→ **Your instructions**
Retype all the records below exactly as they are, with no image carried over.
** Opening Task data block **
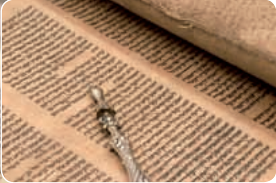
Meilensteine der Überlieferung des Alten Testaments Bibelfunde aus Qumran, hebräische Schriftrollen
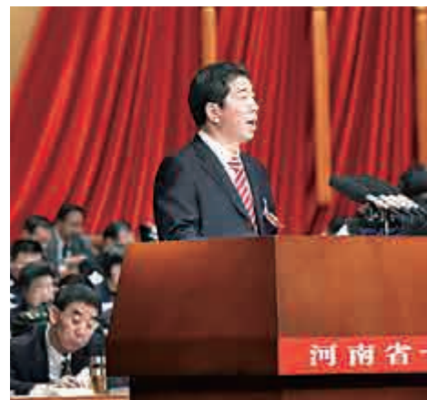
▲河南省省長陳潤兒表示，今年將加強上市後備企業培育

A股昨日突然放量巨震，滬綜指盤中急挫超2%，跌破3100點整數關口，後得金融股托市，才令跌幅收窄，收市滬綜指微幅下行0.3%，報3103.43點。創業板盤中插水超6%，創下熔断以來新低，尾盤仍重挫3.64%，日線錄得八連陰。分析人士普遍認為，近期IPO（首次公開發行股票）明顯提速，令短期資金供求惡化。市場也有消息指，中證監主席劉士余日前已召集機構座談，聽取IPO等問題市場意見。
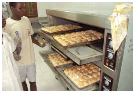
↑ La panadería
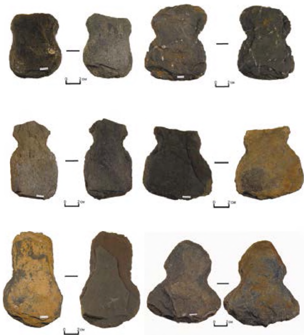
Рис. 10. – Акбауыр-2021. Поселение Акбауыр II. Мотыги

Также были найдены несколько бронзовых предметов. Среди найденных предметов можно особо отметить бронзовый наконечник стрелы. Наконечник стрелы трехгран-
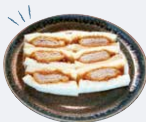
K. 蔵前に隣接する鳥越は 食通も注目のエリア
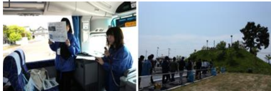
「大学間連携・春の閑上バスツアー」
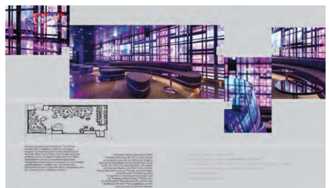
Auf dem Meer 2
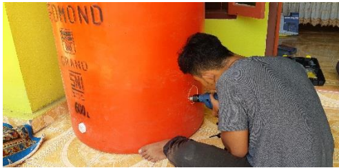
Gambar 3. Pembuatan Lubang pada Tangki
** Closing Task data block **
→ **Expected answer**
Meilensteine der Überlieferung des Alten Testaments Bibelfunde aus Qumran, hebräische Schriftrollen
▲河南省省長陳潤兒表示，今年將加強上市後備企業培育

A股昨日突然放量巨震，滬綜指盤中急挫超2%，跌破3100點整數關口，後得金融股托市，才令跌幅收窄，收市滬綜指微幅下行0.3%，報3103.43點。創業板盤中插水超6%，創下熔断以來新低，尾盤仍重挫3.64%，日線錄得八連陰。分析人士普遍認為，近期IPO（首次公開發行股票）明顯提速，令短期資金供求惡化。市場也有消息指，中證監主席劉士余日前已召集機構座談，聽取IPO等問題市場意見。
↑ La panadería
Рис. 10. – Акбауыр-2021. Поселение Акбауыр II. Мотыги

Также были найдены несколько бронзовых предметов. Среди найденных предметов можно особо отметить бронзовый наконечник стрелы. Наконечник стрелы трехгран-
K. 蔵前に隣接する鳥越は 食通も注目のエリア
「大学間連携・春の閑上バスツアー」
Auf dem Meer 2
Gambar 3. Pembuatan Lubang pada Tangki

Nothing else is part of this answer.